**WHAT IS BEING ASKED**: Could the lines from the line bearing "- Kas papasakos" to the end of the records below be copied exactly, with the pictures left out and no other lines added?

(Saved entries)
____________
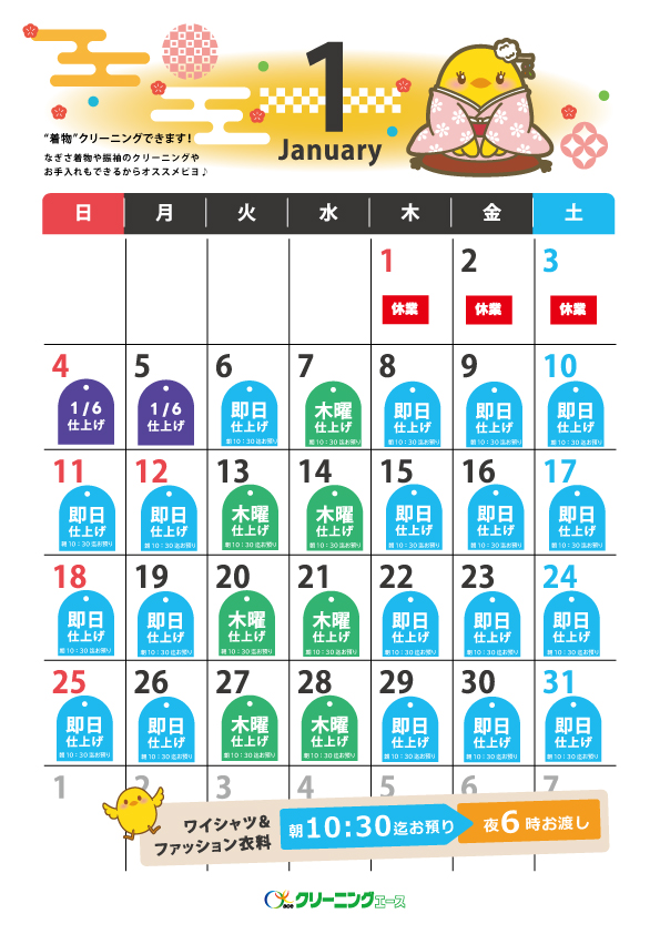 〔ワイシャツ・ファッション衣料品〕 朝10時30分までお預かり→夕方6時必ずお渡し ※水曜日・工場定休日をのぞく いつもクリーニングエースをご利用いただきありがとうございます。 つきましては、月曜日締め切り時間朝10時30分以降に受け付けた商品の仕上がりが、木曜日の夕方6時仕上がりとなります。 ご不便をおかけいたしますが、何卒よろしくお願いいたします。 【仕上がり日カレンダー】
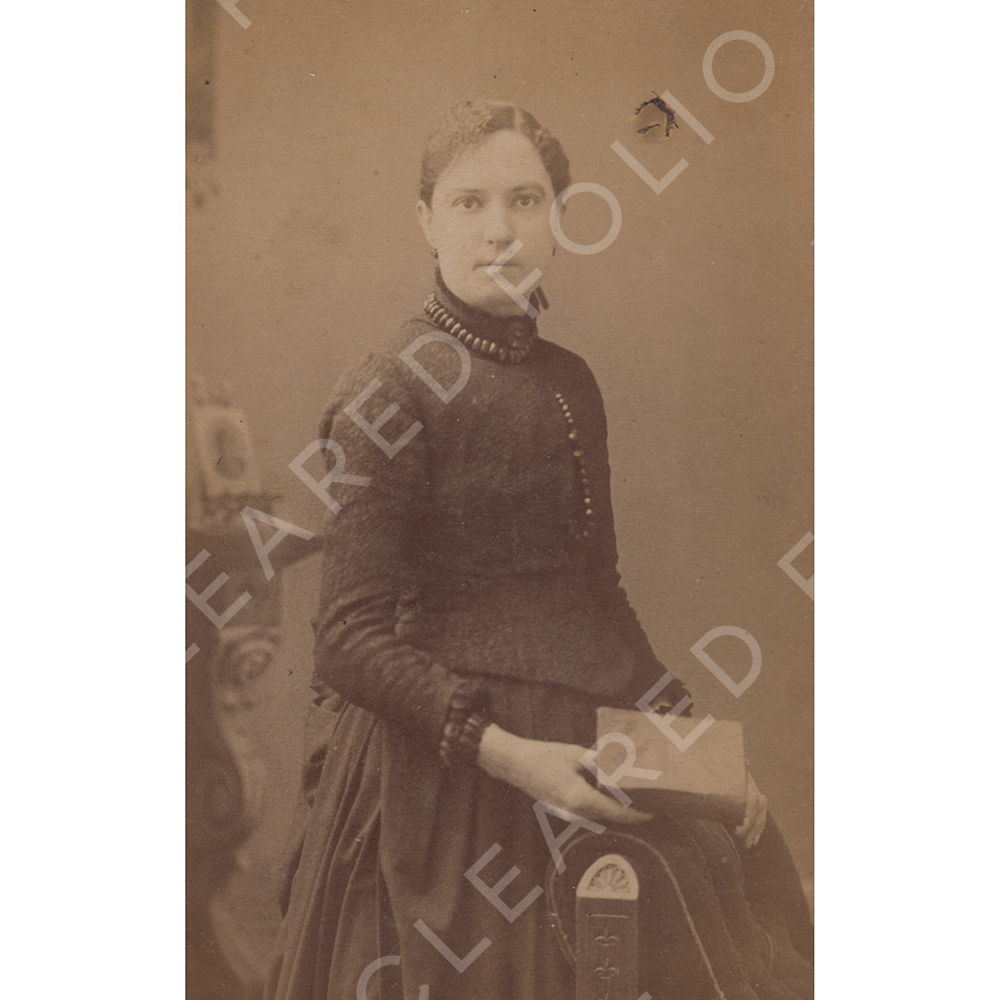 Title: Sepia Photograph Victorian portrait of young woman with a book
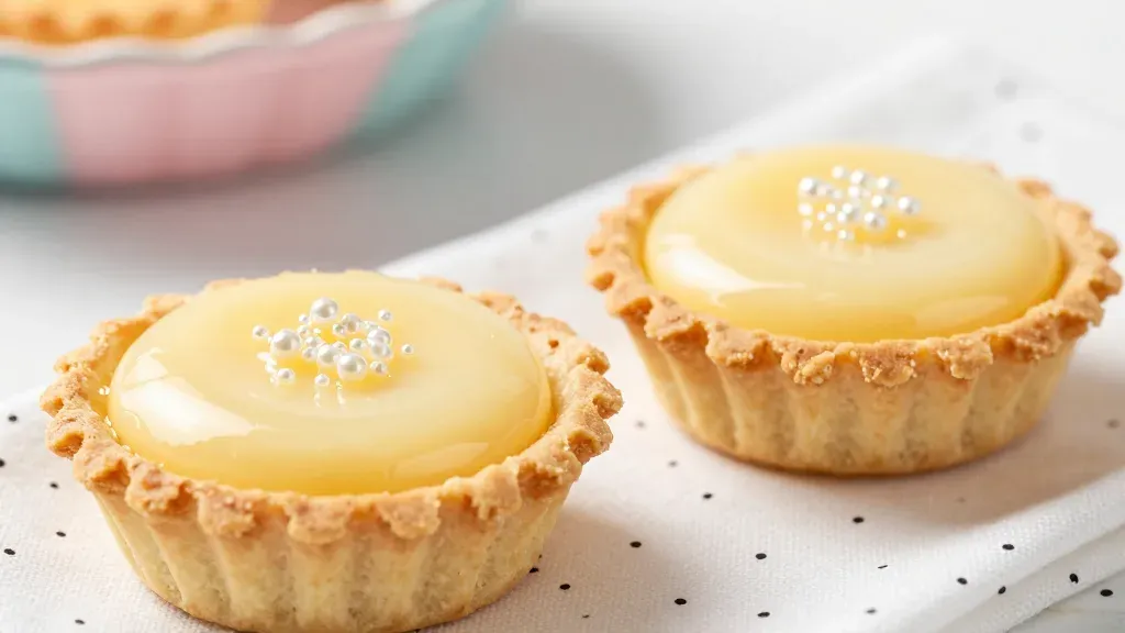 Close-up of glossy lemon curd tartlets with flaky crusts, softly lit to highlight texture, set against a clean white background with black polka dots, providing ample copy space.
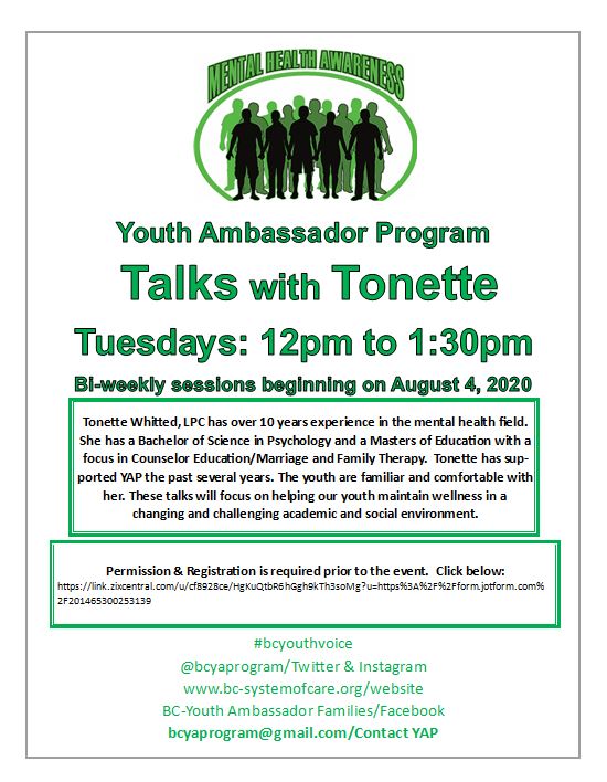 Talks with Tonette Click to meet Tonette on YouTube Bi-weekly sessions beginning on August 4, 2020 Tuesdays: 12:00pm to 1:30pm All participants must register! Click here. Print / Share the flyer Talks with Tonette for Social Media Post Views: 297
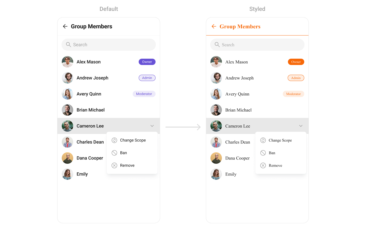 For advanced-level customization, you can set custom views to the component. This lets you tailor each aspect of the component to fit your exact needs and application aesthetics. You can create and define your own views, layouts, and UI elements and then incorporate those into the component. The Group Memebers component does not provide additional functionalities beyond this level of customization.
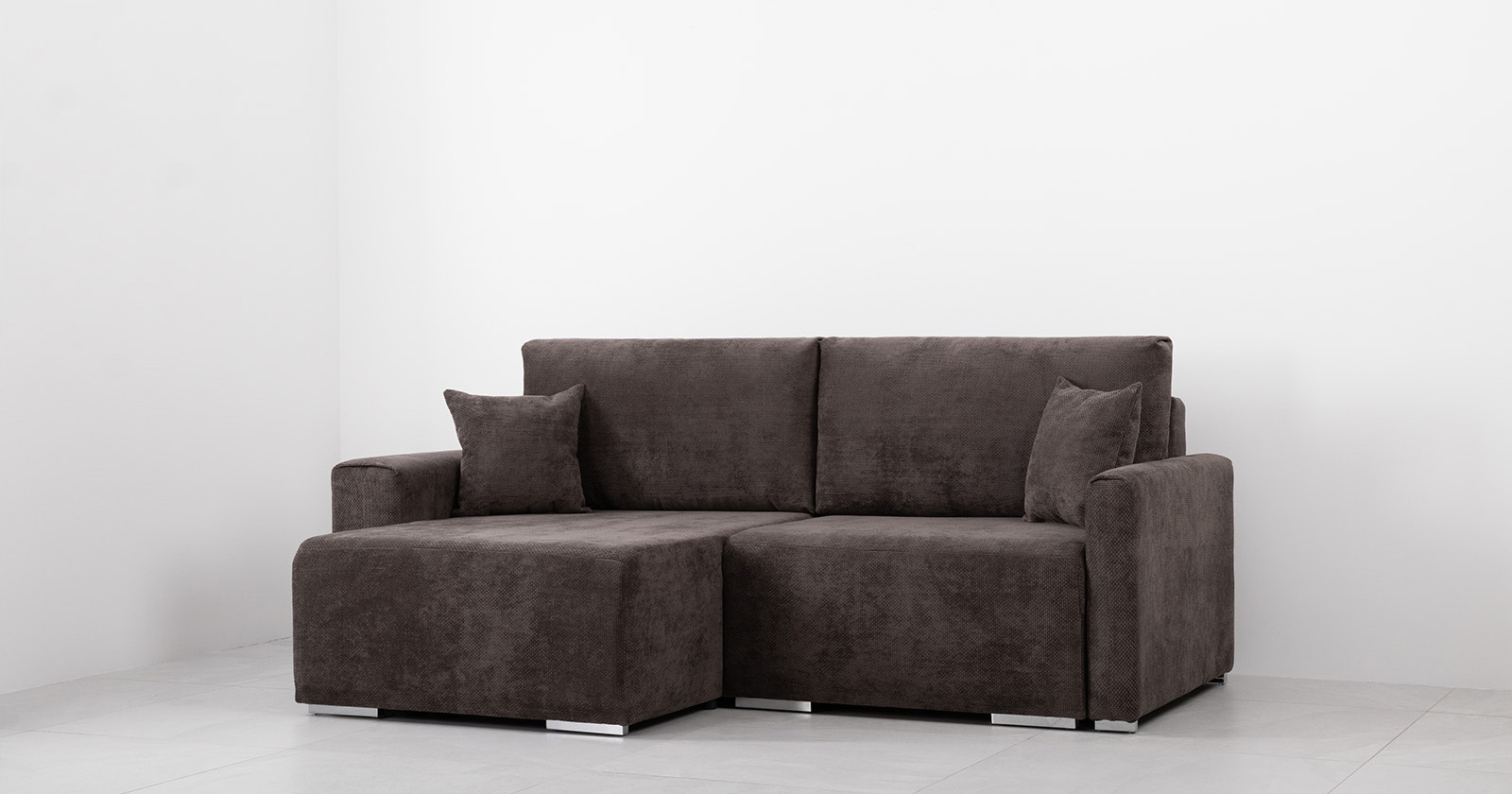 Диван-кровать угловой Оксфорд 711 композиция 1, шенилл Muza 06 темно-коричневый, модульная система, сборка на любую сторону
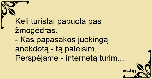 - Kas papasakos juokingą anekdotą - tą paleisim. Perspėjame - internetą turim...
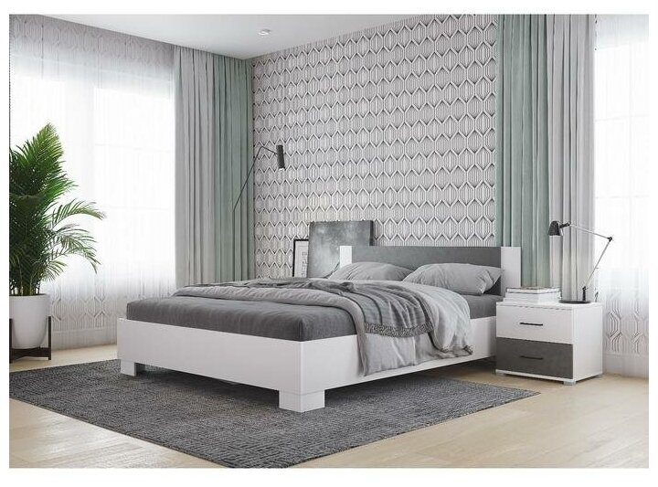 10 цен на Кровать Nova, 1634×2058×785 мм, спальное место 1600×2000 мм, белый/ бетон
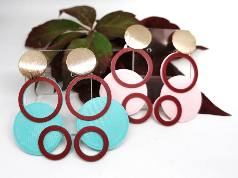 Gli orecchini sono stati disegnati in 3D con un programma di modellazione e stampati con una
____________
**RESPONSE**:
 - Kas papasakos juokingą anekdotą - tą paleisim. Perspėjame - internetą turim...
 10 цен на Кровать Nova, 1634×2058×785 мм, спальное место 1600×2000 мм, белый/ бетон
 Gli orecchini sono stati disegnati in 3D con un programma di modellazione e stampati con una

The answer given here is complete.